[Your objective]: A word-for-word copy of the entries, with the images left out, is what you should write.

--- Data records Enclosed Below ---

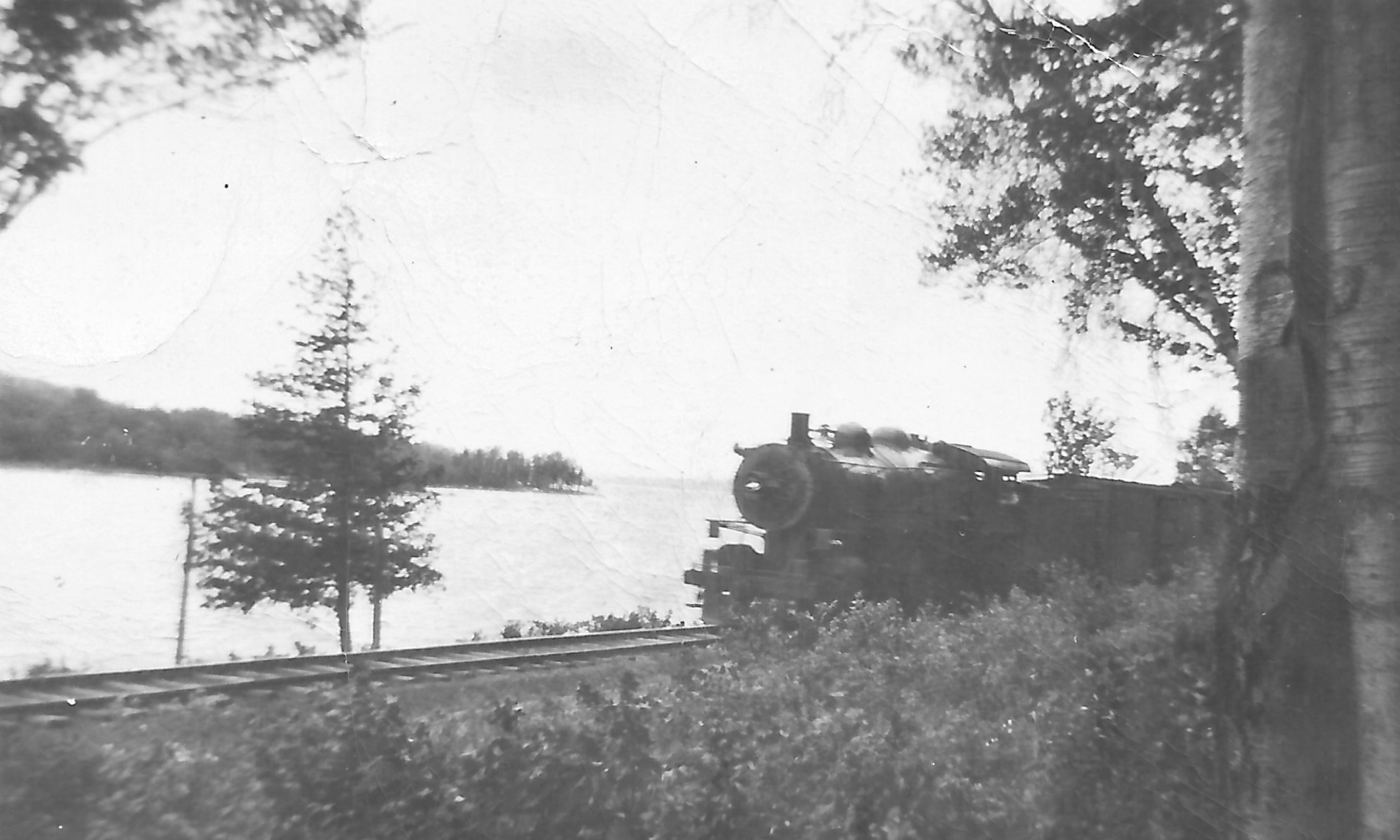 A Maine Central Railroad Locomotive rolls along Great Moose Lake on its way to the Hartland Depot
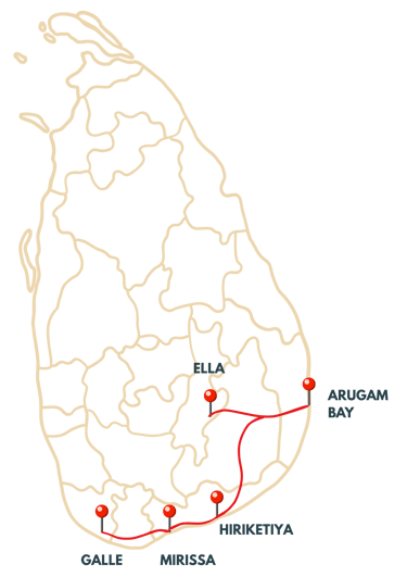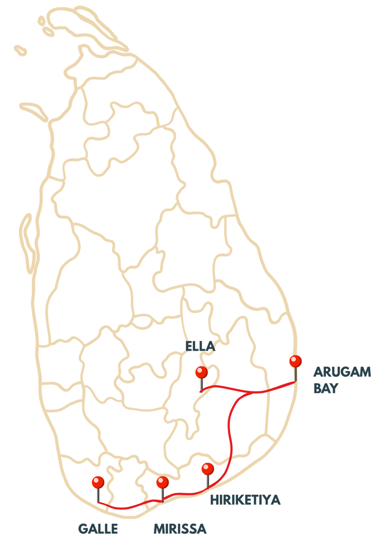 Zelf hebben wij in 11 dagen de onderstaande route gereden. Het hoogtepunt van deze route was toch wel het stuk van Ella naar Arugam Bay en van Arugam Bay naar Hiriketiya. Hier rijd je namelijk dwars door Yala National Park, over een weg die ook wel “Elephant Road” wordt genoemd. En we kwamen er al snel achter waarom: olifanten op de weg! 🐘
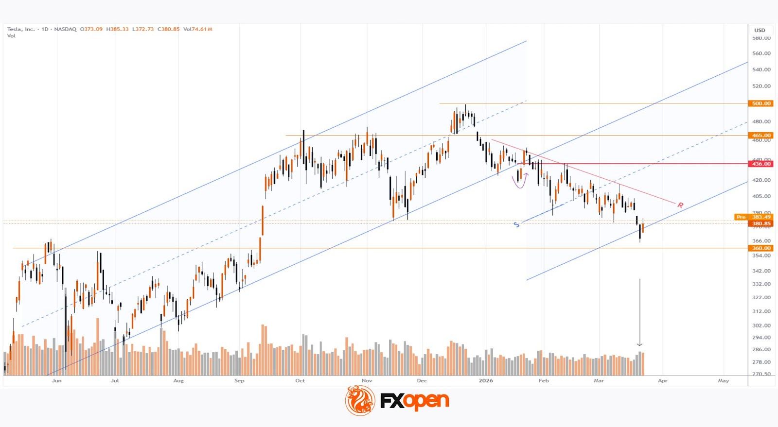 Как свидетельствует график, акции Tesla (TSLA) находились под сильным давлением с начала 2026 года: с декабрьского максимума они потеряли около 25% стоимости. Медвежьими драйверами выступали:
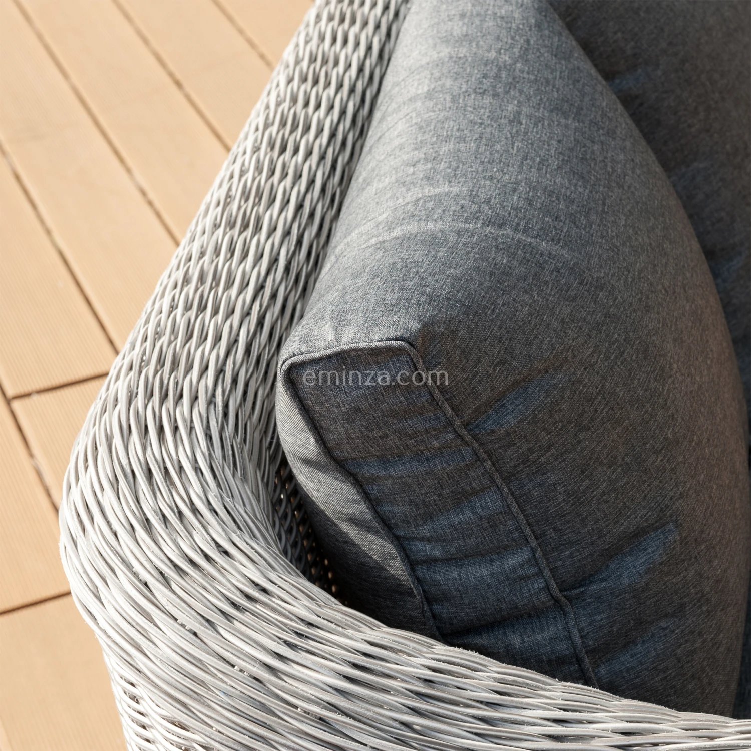– Coussins : déhoussables et déperlants en polyester filé doux (220 g/m²). Densité coussin d’assise : 22 kg/m³.
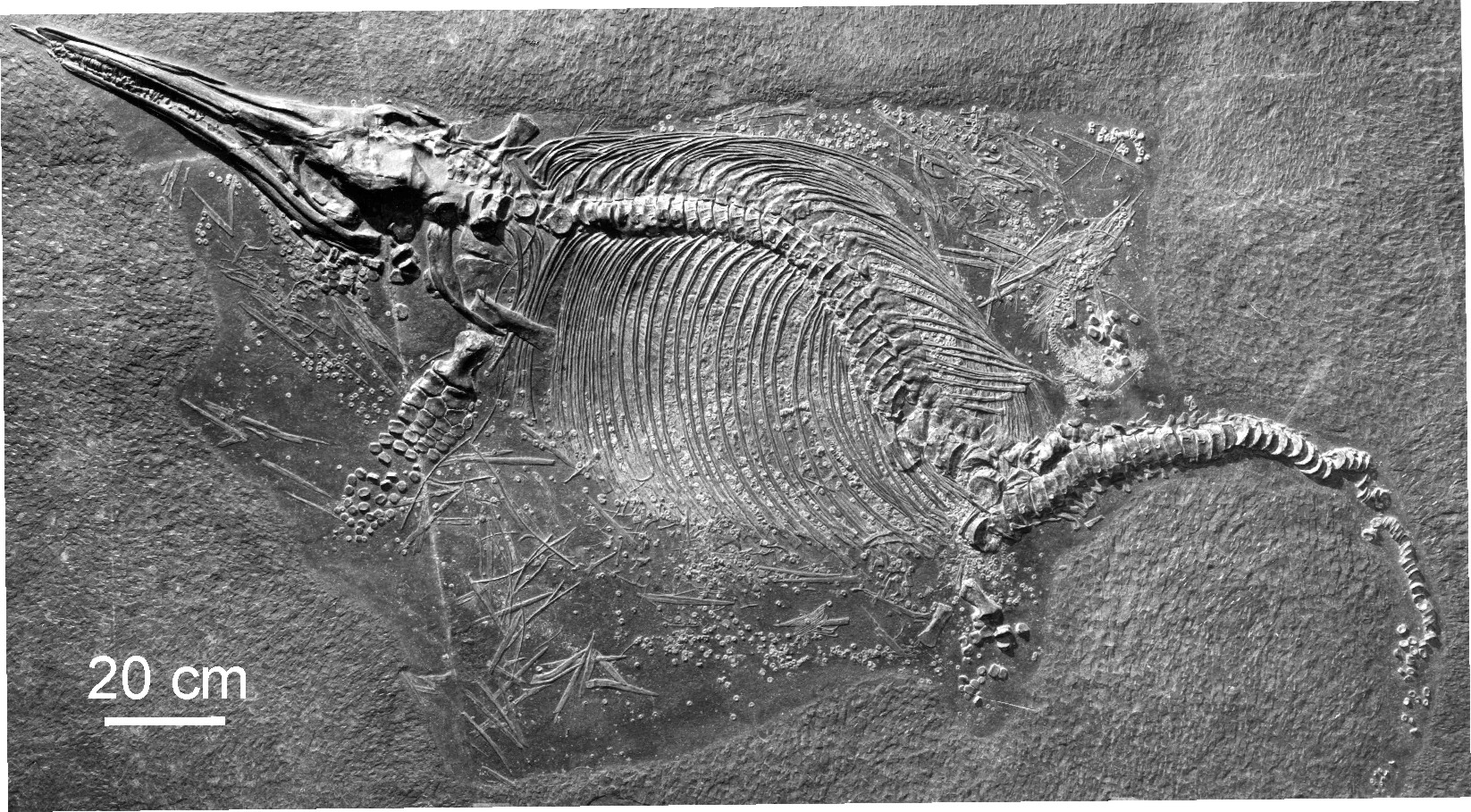 Stark zerfallenes Skelett eines Ichthyosauriers aus dem Posidonienschiefer, Opfer der ominösen “Kadaver-Explosion”?
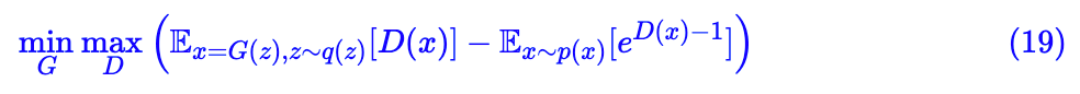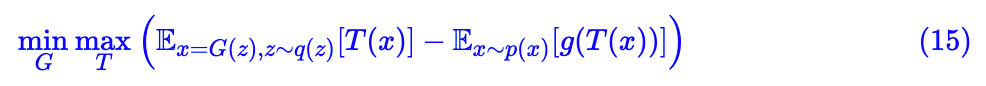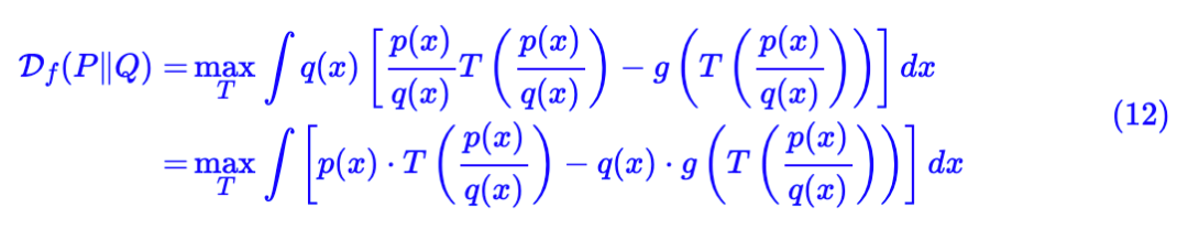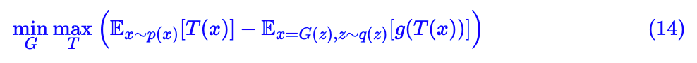 式 (13) 就是估计 f 散度的基础公式了。意思就是说:分别从两个分布中采样,然后分别计算 T(x) 和 g(T(x)) 的平均值,优化 T,让它们的差尽可能地大,最终的结果就是f散度的近似值了。显然 T(x) 可以用足够复杂的神经网络拟合,我们只需要优化神经网络的参数。
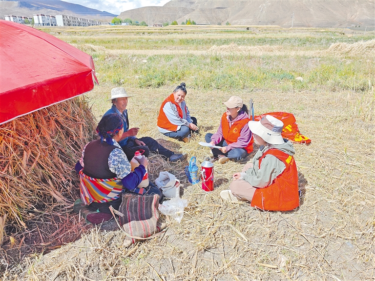 圖為民族團結(jié)進步宣傳活動月期間,薩迦縣志愿者在田間向群眾宣講民族團結(jié)相關(guān)知識。
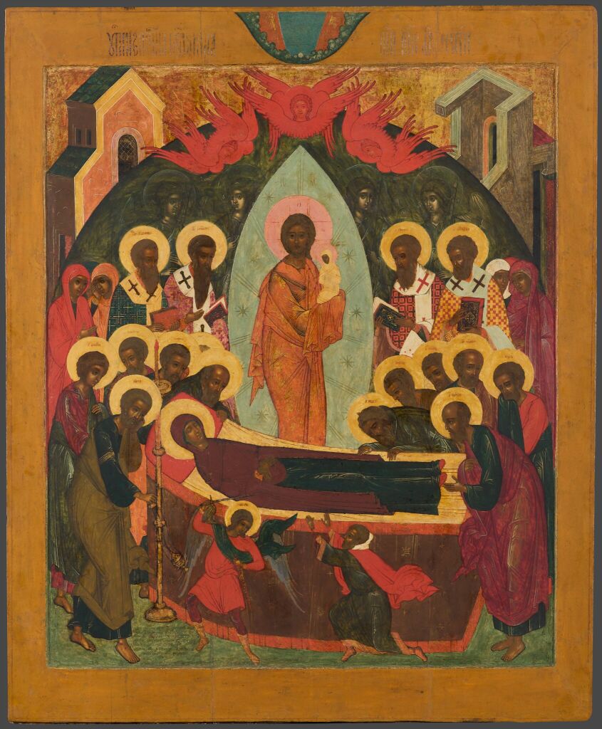 Икона Успения Пресвятой Богородицы занимает центральное место в православной иконографии и церковном почитании. Эта икона изображает момент сошествия души Богородицы с тела, окружённой апостолами и ангелами. Часто на иконе можно увидеть Иисуса Христа, принимающего душу матери в Свою десницу, что указывает на божественное значение этого перехода и обожение человеческой природы.

--- End of Enclosed Data records ---

[Task output]:
 A Maine Central Railroad Locomotive rolls along Great Moose Lake on its way to the Hartland Depot
 Zelf hebben wij in 11 dagen de onderstaande route gereden. Het hoogtepunt van deze route was toch wel het stuk van Ella naar Arugam Bay en van Arugam Bay naar Hiriketiya. Hier rijd je namelijk dwars door Yala National Park, over een weg die ook wel “Elephant Road” wordt genoemd. En we kwamen er al snel achter waarom: olifanten op de weg! 🐘
 Как свидетельствует график, акции Tesla (TSLA) находились под сильным давлением с начала 2026 года: с декабрьского максимума они потеряли около 25% стоимости. Медвежьими драйверами выступали:
– Coussins : déhoussables et déperlants en polyester filé doux (220 g/m²). Densité coussin d’assise : 22 kg/m³.
 Stark zerfallenes Skelett eines Ichthyosauriers aus dem Posidonienschiefer, Opfer der ominösen “Kadaver-Explosion”?
 式 (13) 就是估计 f 散度的基础公式了。意思就是说:分别从两个分布中采样,然后分别计算 T(x) 和 g(T(x)) 的平均值,优化 T,让它们的差尽可能地大,最终的结果就是f散度的近似值了。显然 T(x) 可以用足够复杂的神经网络拟合,我们只需要优化神经网络的参数。
 圖為民族團結(jié)進步宣傳活動月期間,薩迦縣志愿者在田間向群眾宣講民族團結(jié)相關(guān)知識。
 Икона Успения Пресвятой Богородицы занимает центральное место в православной иконографии и церковном почитании. Эта икона изображает момент сошествия души Богородицы с тела, окружённой апостолами и ангелами. Часто на иконе можно увидеть Иисуса Христа, принимающего душу матери в Свою десницу, что указывает на божественное значение этого перехода и обожение человеческой природы.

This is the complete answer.